Exercise objective. All lines from the one that contains "Протокол матча Милан против Сампдория" to the end of the data must be retyped exactly. Pictures are not retyped.

Data segment.
============================================================

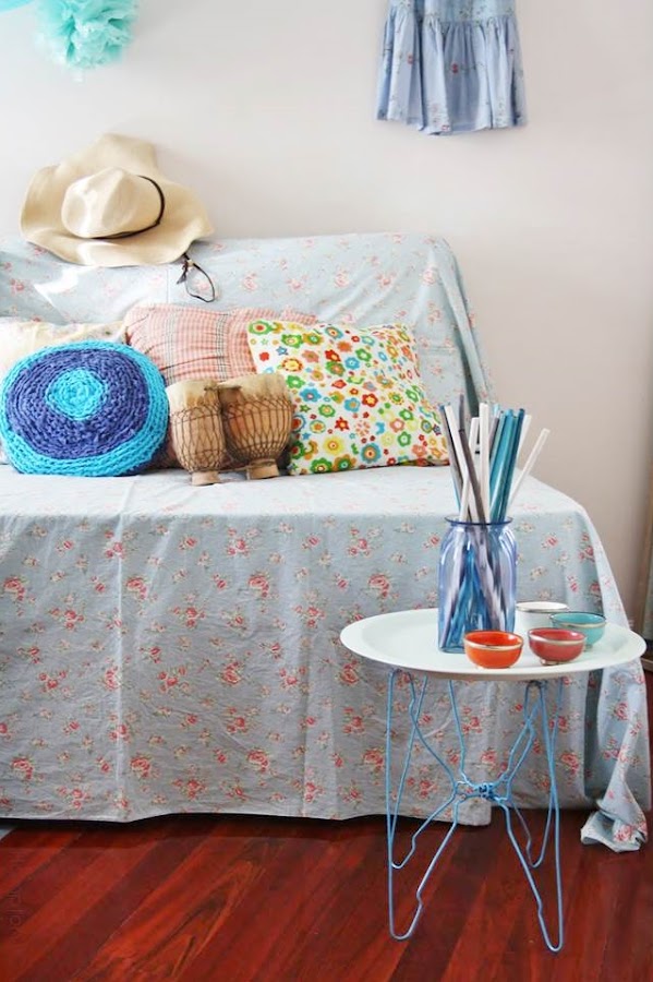 Un plaid para cubrir el sofá, en azul cielo y florecitas, coloridos cojines
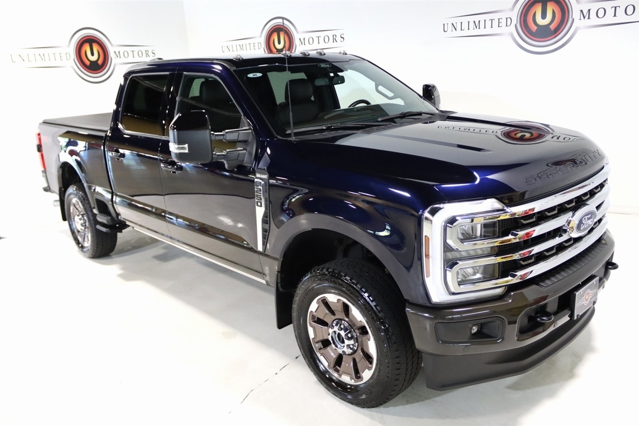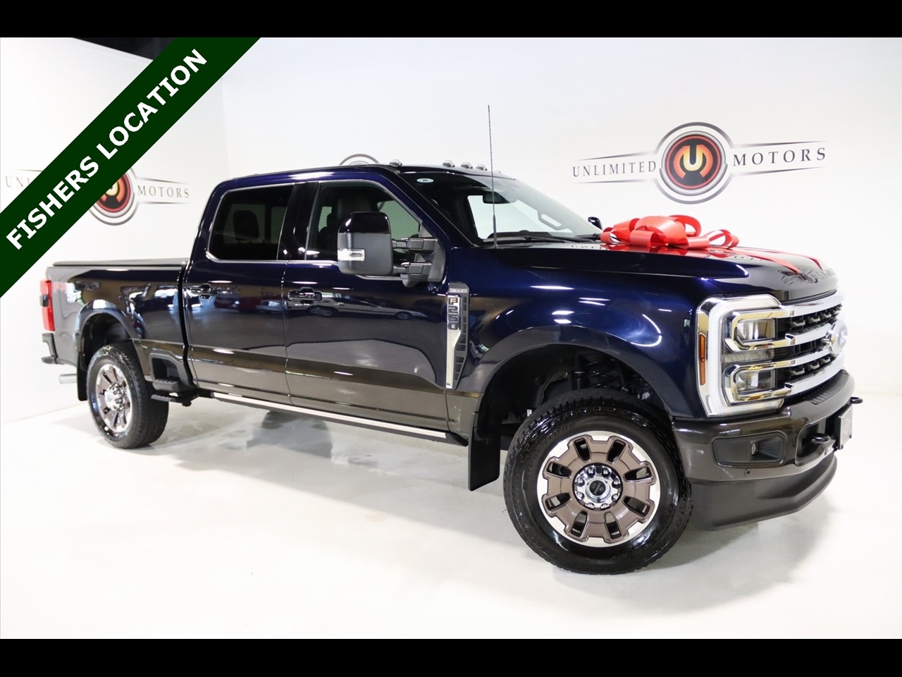 Navigation, Bluetooth, Back Up Camera, Panoramic Roof, Towing, Heated Seats, 4-Wheel Disc Brakes, ABS brakes, Adjustable pedals, Air Conditioning, AM/FM radio: SiriusXM with 360L, Auto High-beam Headlights, Auto tilt-away steering wheel, Auto-dimming Rear-View mirror, Automatic temperature control, Brake assist, Compass, Delay-off headlights, Driver door bin, Driver vanity mirror, Dual front impact airbags, Dual front side impact airbags, Electronic Stability Control, Electronic-Locking w/3.31 Axle Ratio, Emergency communication system: SYNC 4 911 Assist, Exterior Parking Camera Rear, F-250 >10K GVWR Package, Flow-Through Console, Front anti-roll bar, Front Bucket Seats, Front Center Armrest, Front dual zone A/C, Front fog lights, Front reading lights, Fully automatic headlights, Garage door transmitter, Heated door mirrors, Heated front seats, Heated rear seats, Heated steering wheel, Illuminated entry, Leather steering wheel, Low tire pressure warning, Memory seat, Navigation system: Connected Navigation (includes complimentary 1-year trial), Outside temperature display, Overhead airbag, Overhead console, Panic alarm, Passenger door bin, Passenger vanity mirror, Pedal memory, Power door mirrors, Power driver seat, Power passenger seat, Power steering, Power windows, Rain sensing wipers, Rear reading lights, Rear seat center armrest, Rear step bumper, Rear window defroster, Remote keyless entry, Security system, SiriusXM Radio w/360L, Speed control, Split folding rear seat, Steering wheel memory, Steering wheel mounted audio controls, SYNC 4 w/Enhanced Voice Recognition, Tachometer, Telescoping steering wheel, Tilt steering wheel, Traction control, Trip computer, Turn signal indicator mirrors, Variably intermittent wipers, Ventilated front seats. Clean CARFAX. Odometer is 5734 miles below market average! Priced below KBB Fair Purchase Price!2024 Antimatter Blue Metallic Ford 4D Crew Cab F-250SD King Ranch 4WD 10-Speed Automatic 7.3L 8-Cylinder PFIVisit our website www.iumotors.com to view 100s of newer vehicles, more pictures and info, or to apply for financing. Rates are incredibly low for approved credit. We offer extended warranties, protection packages, and insurance. We assure you the best experience at any of our 4 locations and unbeatable prices and quality. At Unlimited Motors we believe in MARKET VALUE PRICING. We use real-time Internet price comparisons to constantly adjust prices to provide ALL BUYERS The BEST PRICE possible. We do not mark them up, to mark them down! Our entire team is committed to helping you buy a car the way we would want to buy a car! We utilize state-of-the-art technology to constantly monitor pricing trends to offer our shoppers the best competitive pricing, value, and experience. We sell and service all makes and models of Pre-owned / Used Vehicles Used Cars, Used Trucks, Used Sport Utility, Lamborghini, Ferrari, Bentley, Rolls Royce, McLaren, Maserati, Ford, Chevrolet/Chevy, Honda, Toyota, Porsche, Land Rover, Jaguar, INFINITI, Audi, Nissan, Mazda, Hyundai, Chrysler, Jeep, Dodge, Ram, SRT, Mitsubishi, Lexus, Kia, Volkswagen, Mini, BMW, Mercedes, Fiat, Volvo, GMC, Cadillac, Lincoln as well as other brands. Proudly serving these areas of Indianapolis, Fishers, Carmel, Noblesville, Greenwood, Avon, Plainfield, Zionsville, & Brownsburg, Indiana, Midwest. We also serve the entire nation with our seamless and easy online purchasing process, and offer shipping nationwide.Advertised prices DO NOT include Sales Tax, Dealer Fees, Title Processing Charges, and Dealer Pre-installed Products.
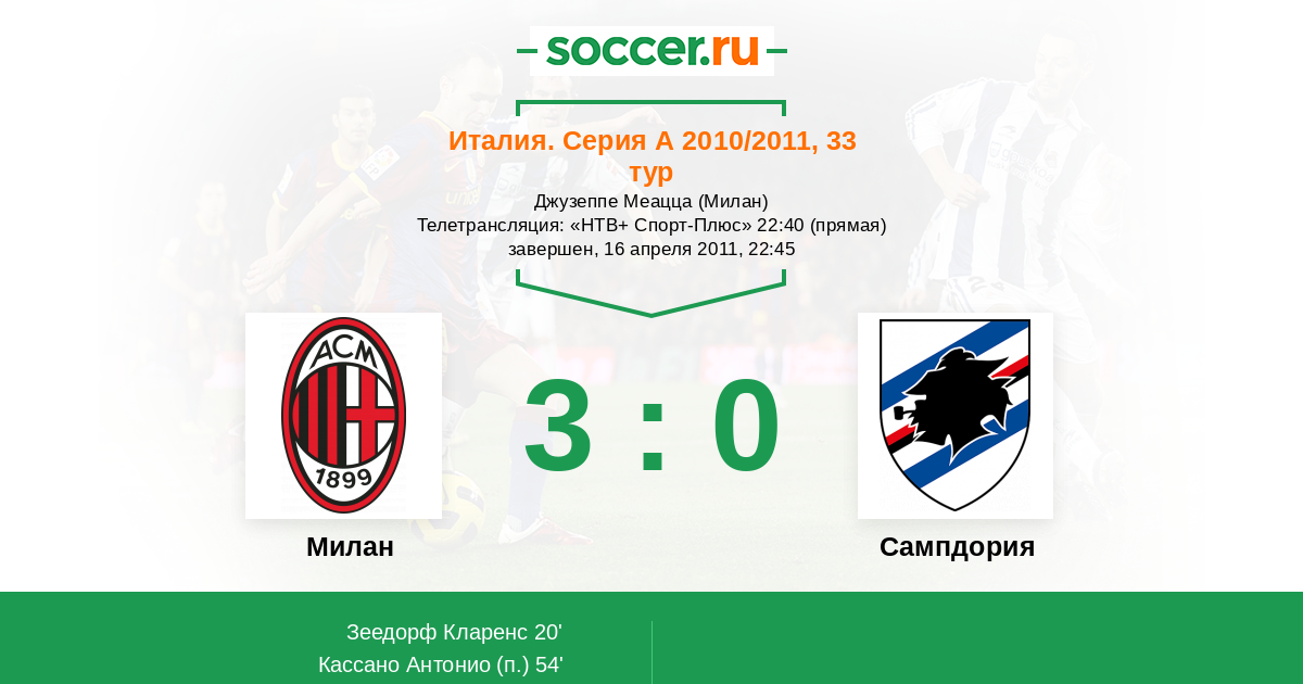 Протокол матча Милан против Сампдория
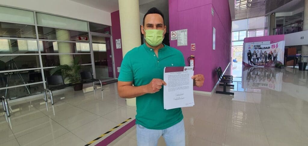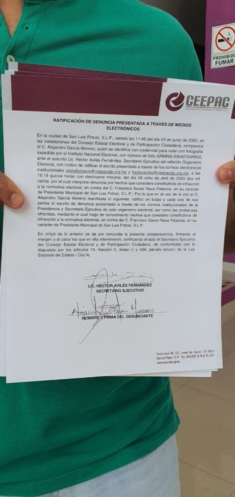 Los dirigentes de los Comités Estatales de los partidos Verde Ecologista y de la Revolución Democrática, Alejandro García Moreno y Jesús Barajas Ábrego, respectivamente, se presentaron en el CEEPAC, con el fin de ratificar las denuncias interpuestas en contra de Xavier Nava Palacios, alcalde de la Capital, por promoción personalizada.

============================================================

Written solution.
 Протокол матча Милан против Сампдория
 Los dirigentes de los Comités Estatales de los partidos Verde Ecologista y de la Revolución Democrática, Alejandro García Moreno y Jesús Barajas Ábrego, respectivamente, se presentaron en el CEEPAC, con el fin de ratificar las denuncias interpuestas en contra de Xavier Nava Palacios, alcalde de la Capital, por promoción personalizada.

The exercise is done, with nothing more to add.